Go through each line of the records below and count those with the word "East"; give only the total.
***** Records for the exercise *****
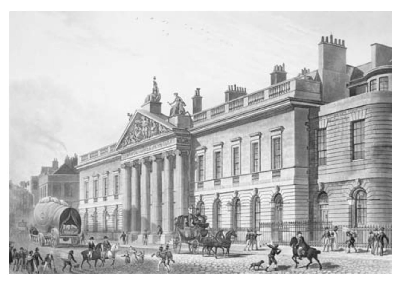
The East India Company ruled British India from East India House until 1858.

among others. By 1834 the company's monopoly of the trade came to an end, and the trade's being open to all comers resulted in the rise of opium sales. In 1832 China imported more than twenty-three thousand chests of opium (with each chest containing between 130 and 160 pounds); the figure rose to thirty thousand chests in 1835 and to forty thousand chests in 1838. These increases drove Western merchants to chafe more blatantly at the Canton System, the Qing government's means of control of foreign trade, in the hope of prying open China's door to the West, and merchants' actions were broadly sanctioned by the British government. After the end of the British East India Company's monopoly, British merchants in China were represented by the superintendent of trade. A government official, the superintendent often refused to deal with the Cohong merchants, demanding instead that he communicate directly with Qing officials. The clash over opium sales thus became not simply a matter between the Oing government and Western merchants but rather one between Qing China and Great Britain.
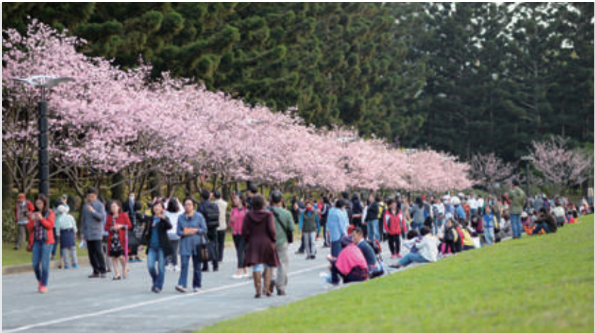
▲ Japanese cherry blossoms in full bloom
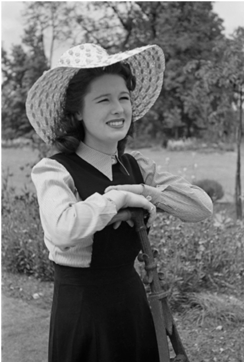
Figure 42 'The Pinnie Dress: A pinafore dress, a striped, stiff-collared blouse. From Fenwick. The frock is navy wool, 69s. 6d. 8 coupons'. 'Clothes for a Coupon Summer'. Picture Post, 5 July 1941, p. 26.
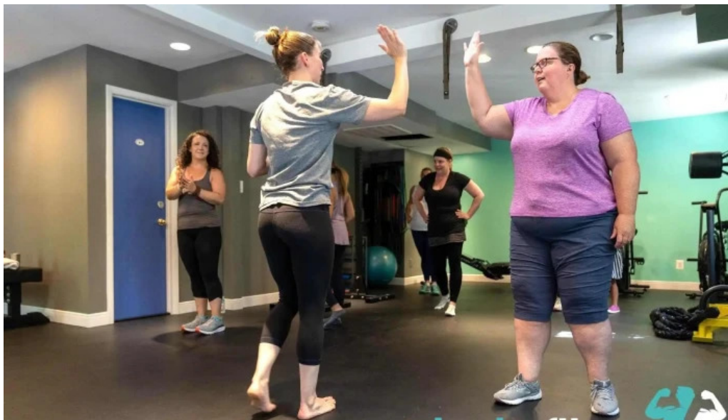
Uplift strength spirit gym
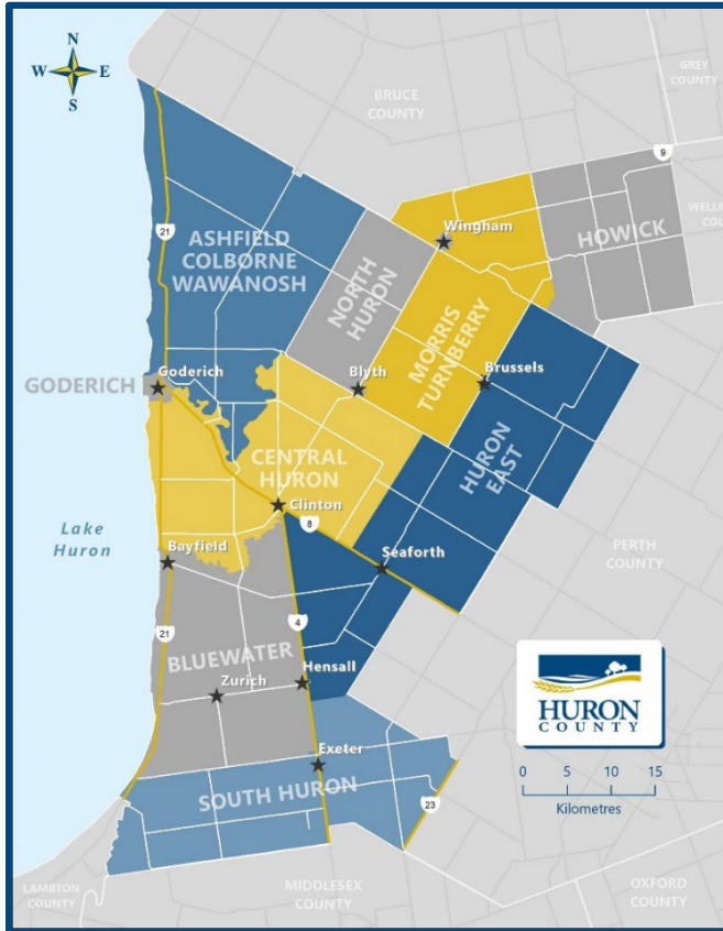
Huron County Map

The Huron County Accessibility Advisory Committee (HCAAC) serves as the Accessibility Advisory Committee (AAC) for Huron County, mandated by the Accessibility for Ontarians with Disabilities Act (AODA), 2005, S.O. 2005, c. 11 . HCAAC is dedicated to advising Huron County Council on the implementation of accessibility standards across the County's nine partner municipalities (see Appendix for HCAAC's objectives and priorities). Comprising primarily of individuals with disabilities, the committee plays a vital role in creating an accessible community by providing input on accessibility plans, site developments, and public spaces. Through education, consultation, and advocacy, the HCAAC ensures that Huron County remains inclusive and accessible for everyone.
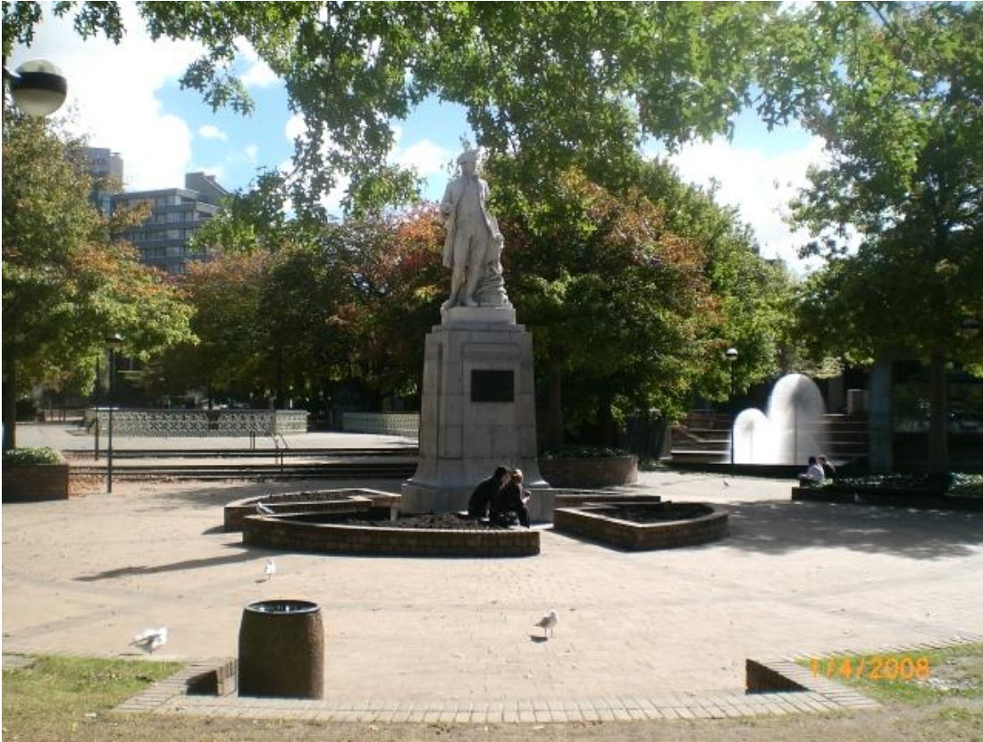
Tatzu Oozu, Enterprise, 5th Scape Biennial, Christchurch, NZ, 2008
*****
» **Reply**: 2